Monday, February 20, 2017

Officers and Directors

QUESTION: Our bylaws require that directors be members of the association. They also state that officers “shall be a President and a Vice President, both of whom shall at all times be Directors, a Secretary, a Treasurer and such other officers as the Board may from time to time by resolution create.” This has been interpreted to allow renters to serve on the board as long as they are not president or vice president. This seems to be an incorrect interpretation of our bylaws.
ANSWER: You’re right, it’s incorrect. People often get tangled up over the distinction between directors and officers. Homeowners elect directors, and directors elect officers. The qualifications for one can be entirely different from the other. Moreover, directors can vote, while officers cannot. When the president votes, he is not voting as president, he is voting as a director.
CC&R Interpretation. In your case, renters can serve as secretary and treasurer. As such, nonmember officers can attend meetings to fulfill their duties (taking minutes and giving financial reports) but cannot sit on the board because they do not meet director qualifications.

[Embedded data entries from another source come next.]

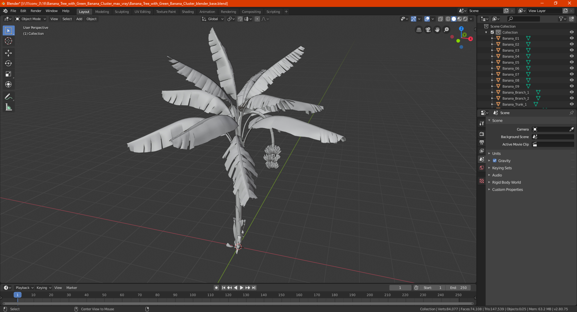Banana Tree with Ripe Yellow Banana Cluster is a high quality, photo real 3d model that will enhance detail and realism to any of your rendering projects. The model has a fully textured, detailed design that allows for close-up renders, and was originally modeled in 3ds Max 2020 and rendered with V-Ray. Renders have no postprocessing!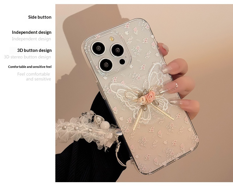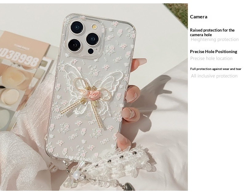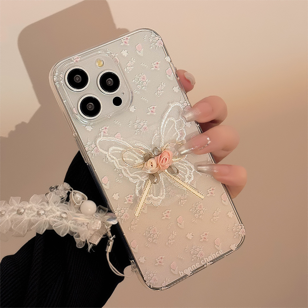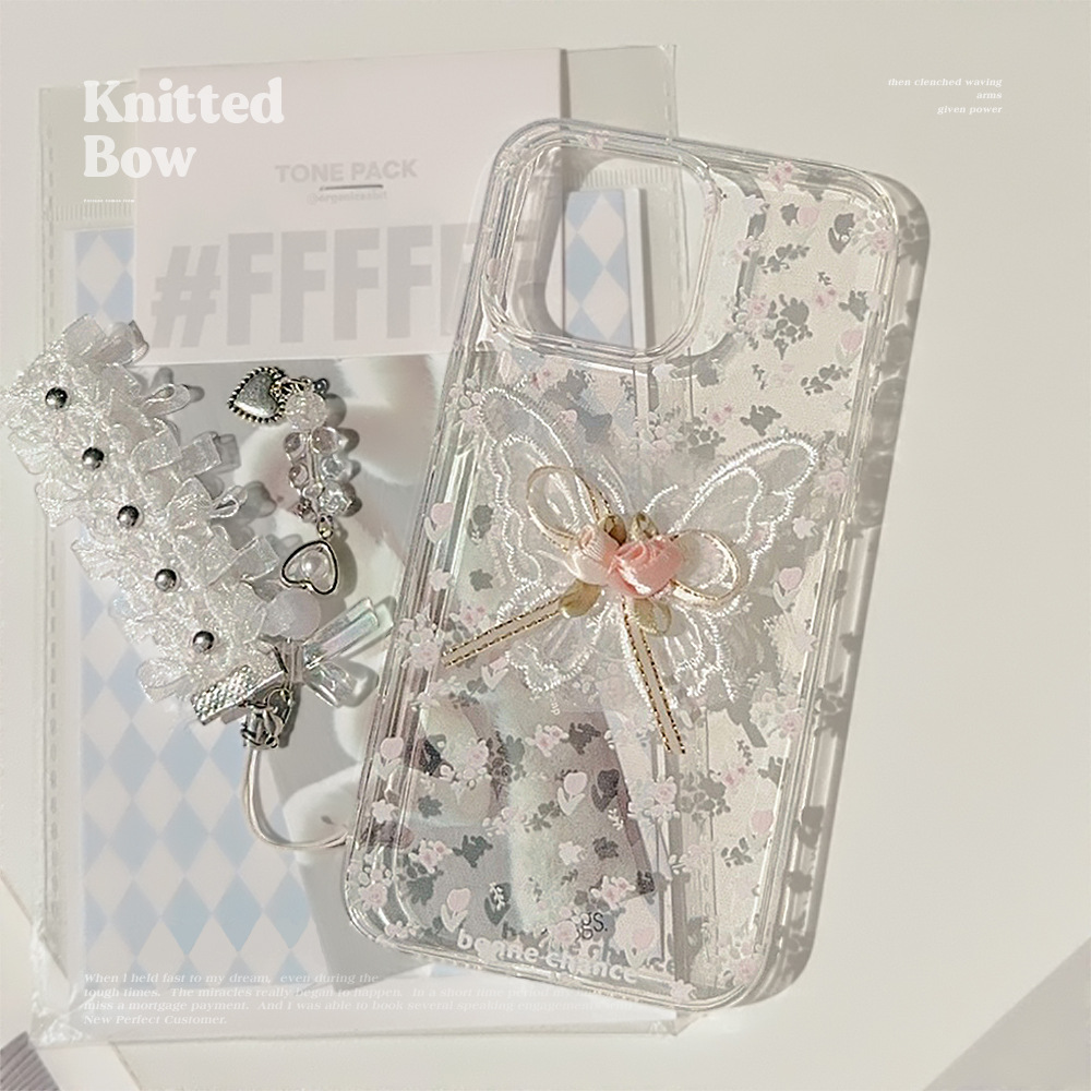 Aesthetic Embroidered Butterfly Flower Phone Case With A Transparent Lace Pendant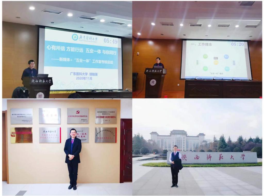 胡勉强工作室即“新媒体+五业一体”工作室(五业:学业、专业、就业、职业、事业)是广东省教育厅指导、教育部高校思想政治教育骨干队伍培训中心2019年立项建设的广东高校骨干辅导员工作室,2020年11月考核优秀并成为“建设对象”。2019年11月,“五业一体”易班YOOC翻转课堂工作室获第一批广东高校网络文化示范工作室重点培育项目立项,2021年12月顺利结项。工作室充分依托公共卫生学院和学校学生发展与支持中心,建设“五业一体”职业生涯咨询特色工作室,取得良好成效,推荐为广东高校职业生涯咨询特色工作室。实施“一师一班一友一传承”项目,进行了大学生“学业、专业、就业、职业、事业”的实证研究和实践示范。工作室的成果成功地支撑了卫生检验与检疫、预防医学国家级和统计学省级一流专业等4项省级、2项校级教学成果奖申报。

Accordingly, seven people attend meetings: five directors (two of whom are officers) and two renters (both of whom are officers) but only the five directors make motions, deliberate and vote. For more information see: Director-Officer Differences.

Friday, February 17, 2017

Cumulative Voting

Source: Adrian J. Adams Esq.



QUESTION: Thanks to cumulative voting, an attorney whose home was heading into foreclosure got herself elected to the board. She then sued the board for failure to enforce the CC&Rs. She then demanded the association’s insurance represent her as she was doing this “for the good of the community.” Our insurance company declined with the explanation that “We don’t pay for people to sue us.” It makes one wish there was some kind of entrance exam before becoming an HOA owner.
ANSWER: As someone once noted, “Common sense is like deodorant–the people who need it most never use it.” The scenario you describe is exactly why associations should amend their bylaws to eliminate cumulative voting. It helps to keep some of the more ethically challenged owners off the board. Or, if they happen to get elected, they can more easily be removed by the membership.

Wednesday, February 8, 2017

New Roof For Daughter

Source: Adrian J. Adams Esq.

QUESTION: My daughter recently purchased the condominium next door to me. The issue of a new roof for that unit in on the agenda for our next meeting. I have no financial interest in my daughter’s unit. Do I need to recuse myself from voting on the roof for her unit? I am president of the board.
ANSWER: Even though you may be fulfilling your duties to the association by approving needed roof repairs, you do not want to give the appearance of impropriety. If you don’t recuse yourself from the vote, people will assume you are inappropriately using association monies to benefit your daughter. Whenever faced with an apparent conflict of interest, the safest course of action is to step out of the meeting and let the remaining directors vote on the issue. It insulates you from accusations from those who like to stir the pot.